Work instruction:
Write the data out again exactly, dropping any images it holds.
##### Information supplied
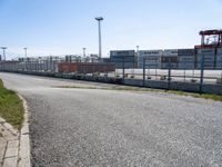 This image captures a clear sky over Bremen, Germany. The cityscape is dominated by industrial buildings and factories, with roads and parking lots lined with vegetation on one side. In the background, the harbor and the container port can be seen, showing the importance of the maritime industry in Bremen. The image portrays a typical day in this European city, full of activity and movement. The road surface and asphalt are well-maintained, with street lights guiding the way. The pier and jetty are prominent features, symbolizing the city's connection to the water.
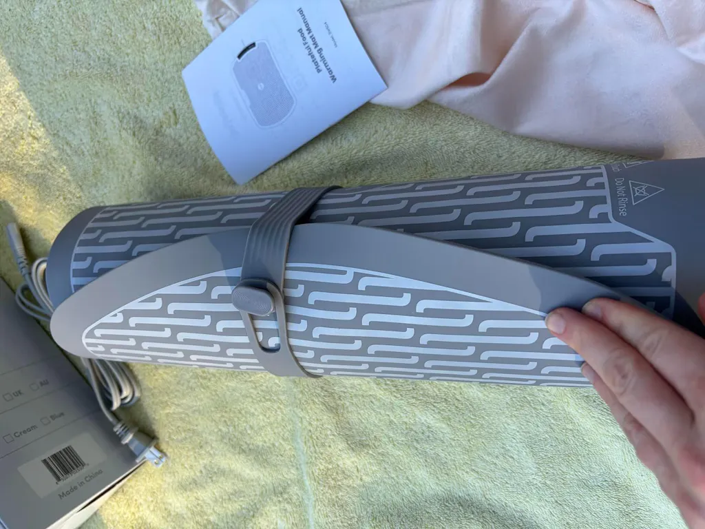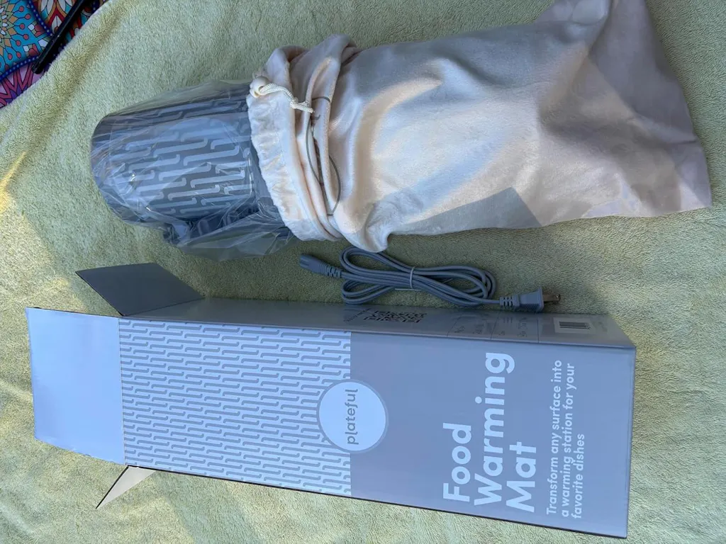 Well made item. It takes a few minutes to warm up, but can warm up leftovers easily and also keep food warm for serving. Cleans easily with a cloth or sponge. This is the second mat (different brands) I own and they are nice for extra space on the counter to keep cooked food warm and can be used with a battery pack at a picnic or outdoors.It comes with a soft bag for storage and also has a strap to secure it when rolled for storage.
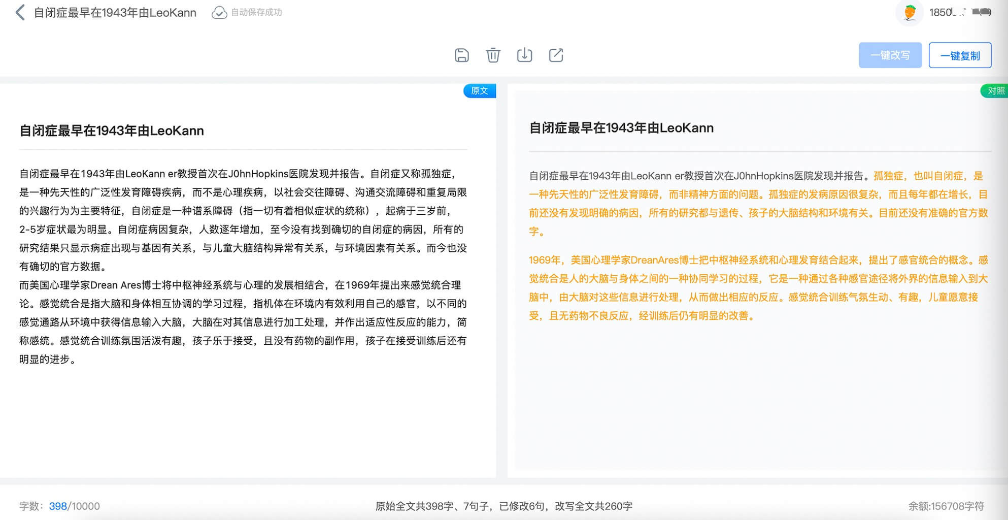 改写过程大概需要等待几秒钟,然后一篇新鲜的低重复率文章就会出现在页面右侧,你可以一键复制改写后的文章内容,也可以点“下载”图标把Word版本的下载到本地。改写如此简单,赶快去试试吧~
##########
Task answer:
 This image captures a clear sky over Bremen, Germany. The cityscape is dominated by industrial buildings and factories, with roads and parking lots lined with vegetation on one side. In the background, the harbor and the container port can be seen, showing the importance of the maritime industry in Bremen. The image portrays a typical day in this European city, full of activity and movement. The road surface and asphalt are well-maintained, with street lights guiding the way. The pier and jetty are prominent features, symbolizing the city's connection to the water.
 Well made item. It takes a few minutes to warm up, but can warm up leftovers easily and also keep food warm for serving. Cleans easily with a cloth or sponge. This is the second mat (different brands) I own and they are nice for extra space on the counter to keep cooked food warm and can be used with a battery pack at a picnic or outdoors.It comes with a soft bag for storage and also has a strap to secure it when rolled for storage.
 改写过程大概需要等待几秒钟,然后一篇新鲜的低重复率文章就会出现在页面右侧,你可以一键复制改写后的文章内容,也可以点“下载”图标把Word版本的下载到本地。改写如此简单,赶快去试试吧~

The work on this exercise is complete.